By Lisa Bayer, J.D., CCM
The holidays are often a time that family members who have not seen one another get together to celebrate. Whether you are traveling or hosting there are several “warning signs” that your elderly loved one needs extra attention.
You notice that your mom’s clothes are not fitting well. In fact, they seem to be falling off of her. Or, you see it in her face. This could be a sign of illness (causing loss of appetite) or even dementia (forgetting to eat meals). If your mom cannot provide a satisfactory reason for the loss of weight it would be prudent to make an appointment to see her doctor.

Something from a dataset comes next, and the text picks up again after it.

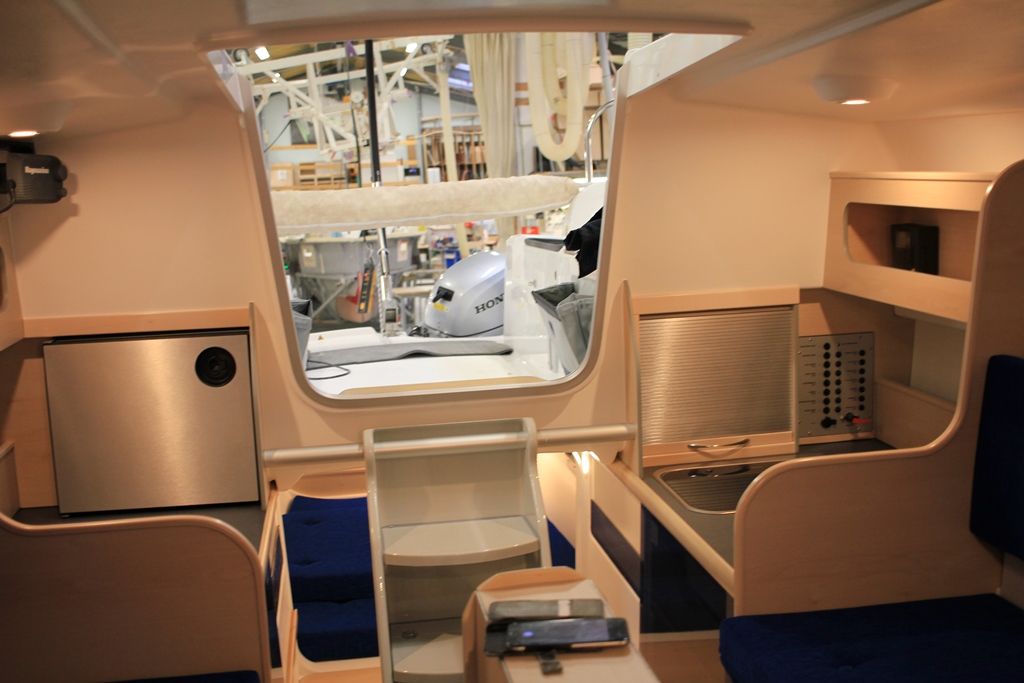 Cabine double avant avec rangements, cabine arrière d’appoint, couchette dans le carré – Cuisine équipée avec réchaud 2 feux, réfrigérateur 45 L, évier avec eau sous pression (90 L) – Cabinet de toilette avec WC marin, réservoir eaux noires 60 L, lavabo – Carré avec table pliante, rideaux Ocean Air Shade, moquette

You visit your dad and you notice a pile of unopened mail on the dining room table. The dates on the envelopes go back several months. You ask him about it and he tells you not to worry. You cannot help but be concerned. If your dad agrees it may be a good idea to go through the mail together and set up a bill payment plan going forward. If you suspect something else is going on, such as difficulty seeing or even depression, you can help him address these concerns.
Your favorite aunt comes to visit. At first things seem totally fine. She’s happy to see you and the kids. You fill her in on what is going on in your lives and ask her how how she is doing. And then she asks the same question she just asked again. And again. This could be a warning that she is experiencing the start of dementia. The sooner she gets diagnosed and treated the better.
While it may be difficult to see your family members getting older and you may wish that you could ignore the warning signs it helps to look at this opportunity to help as a good thing.Without your intervention things could continue to get worse. Now, you have the opportunity to make a difference; to help your loved ones improve their health and quality of life. This is perhaps the best gift you can give to your loved one–and yourself.